───── Record set
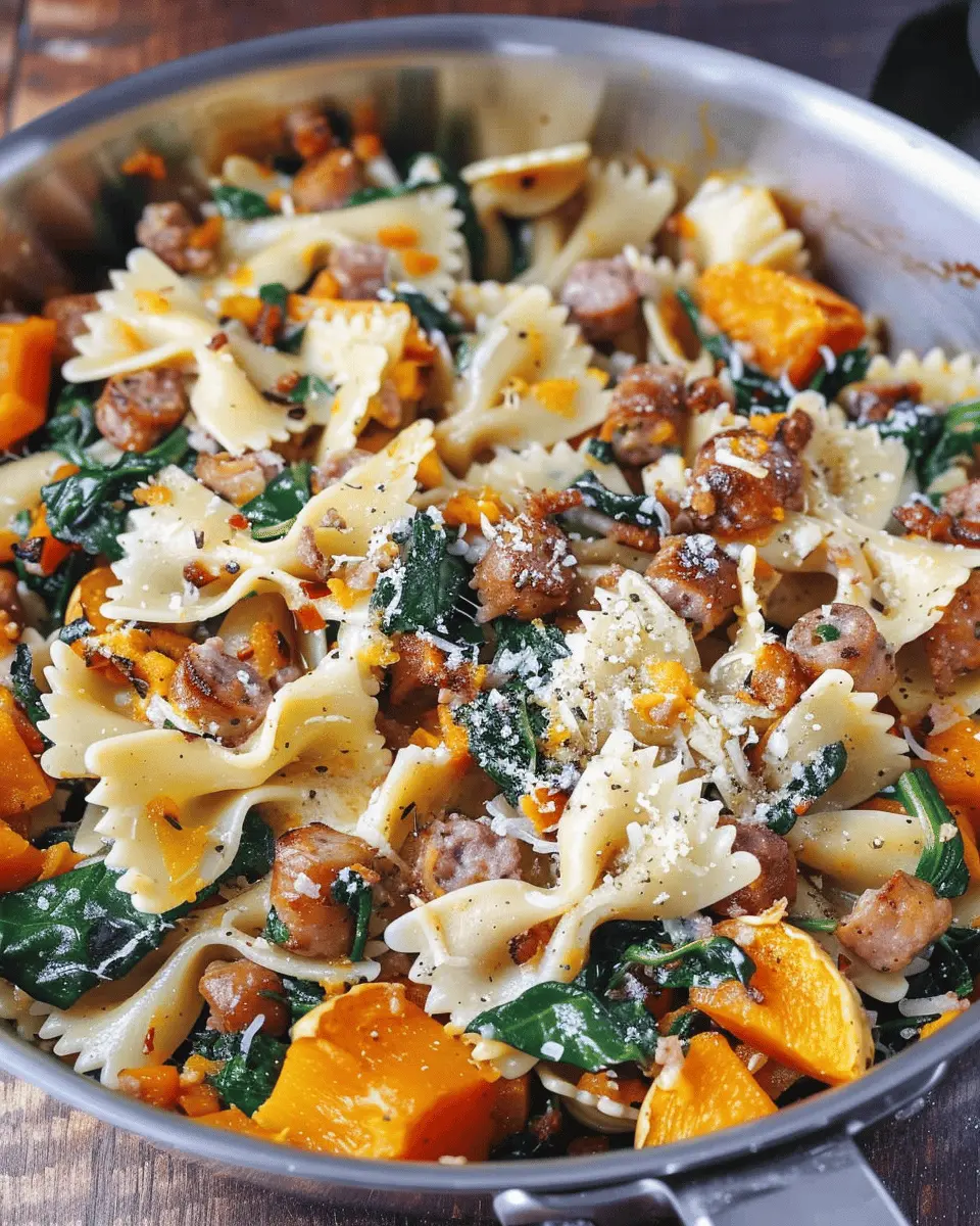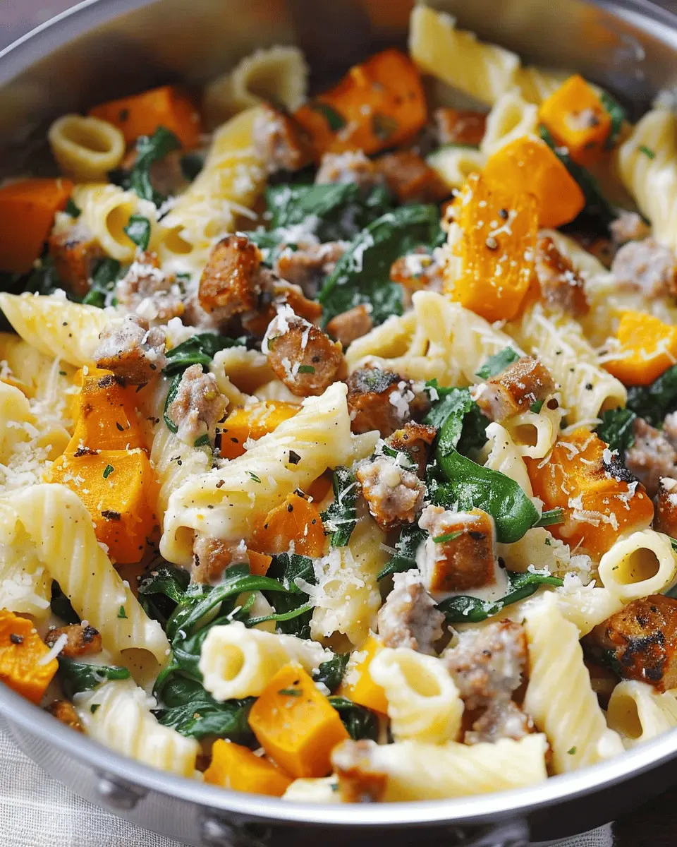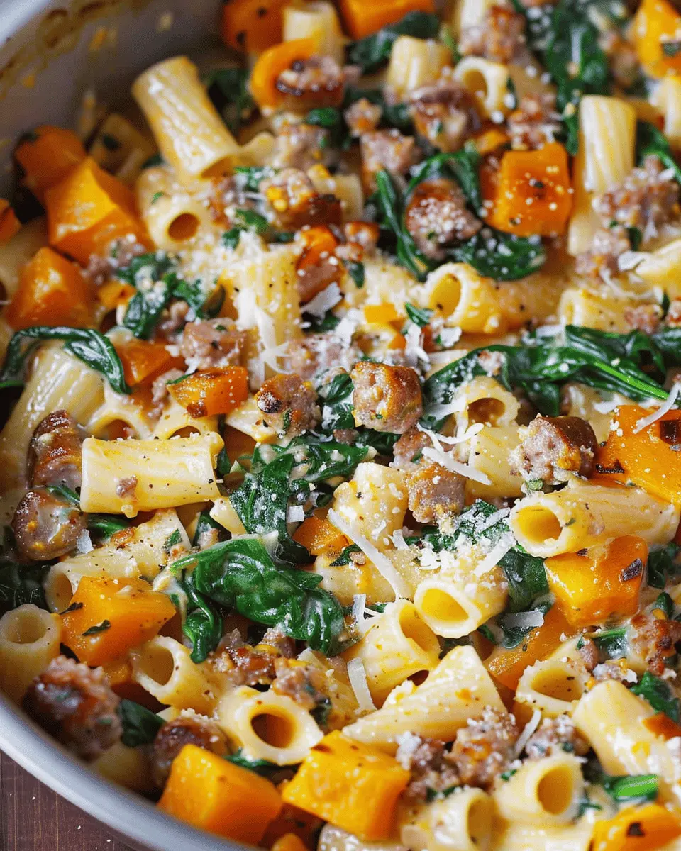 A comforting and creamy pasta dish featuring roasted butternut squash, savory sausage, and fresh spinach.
──────────
───── Record set
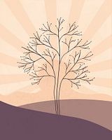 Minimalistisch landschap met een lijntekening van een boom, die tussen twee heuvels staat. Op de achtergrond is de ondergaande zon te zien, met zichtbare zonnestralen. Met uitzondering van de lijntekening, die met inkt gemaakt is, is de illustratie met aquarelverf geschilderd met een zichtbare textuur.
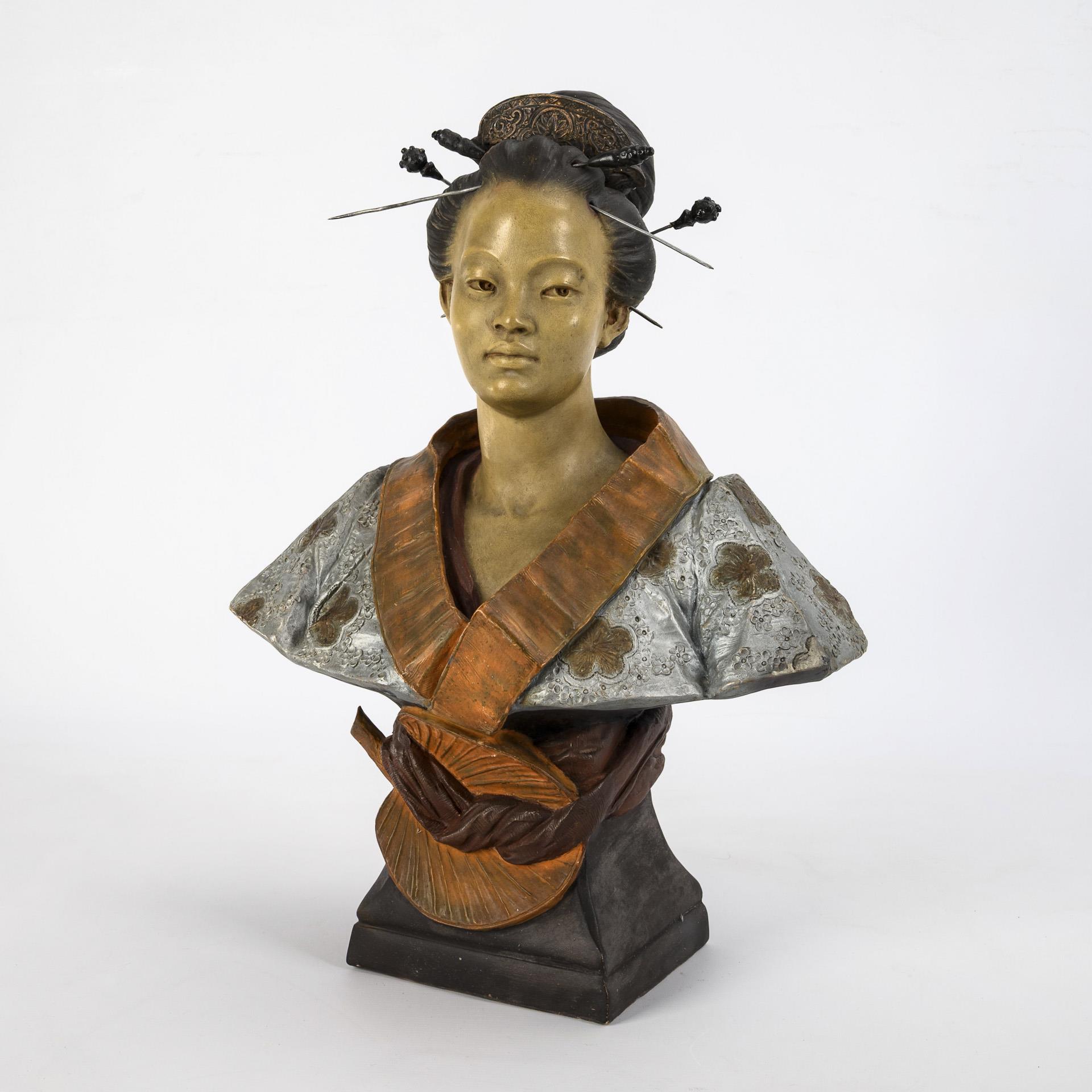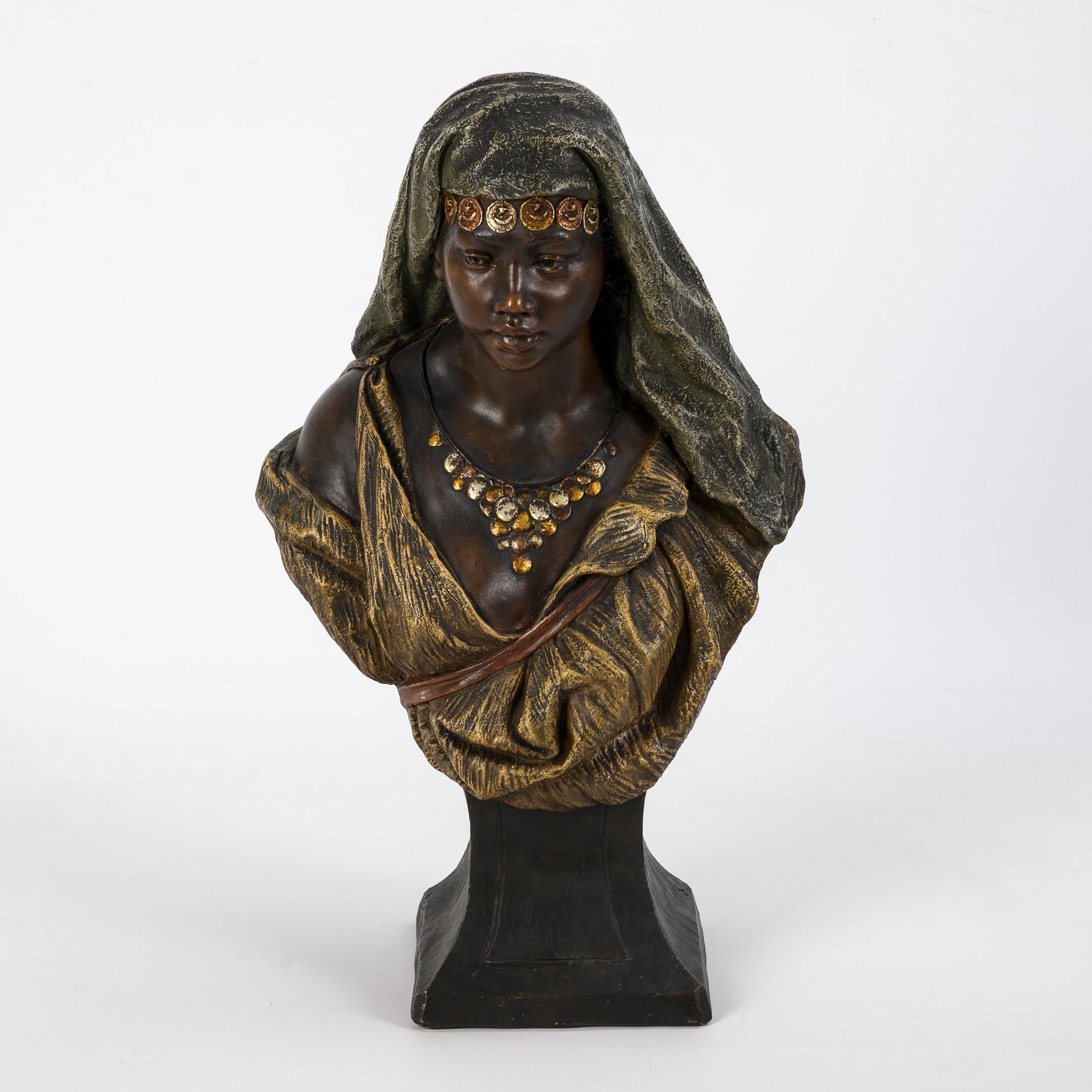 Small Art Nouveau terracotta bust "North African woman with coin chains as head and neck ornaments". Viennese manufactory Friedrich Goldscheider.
──────────
Working from the entries above, reproduce exactly and only the lines beginning with the line that has "Minimalistisch landschap met" and ending with the line that has "Small Art Nouveau"; omit all pictures.

 Minimalistisch landschap met een lijntekening van een boom, die tussen twee heuvels staat. Op de achtergrond is de ondergaande zon te zien, met zichtbare zonnestralen. Met uitzondering van de lijntekening, die met inkt gemaakt is, is de illustratie met aquarelverf geschilderd met een zichtbare textuur.
 Small Art Nouveau terracotta bust "North African woman with coin chains as head and neck ornaments". Viennese manufactory Friedrich Goldscheider.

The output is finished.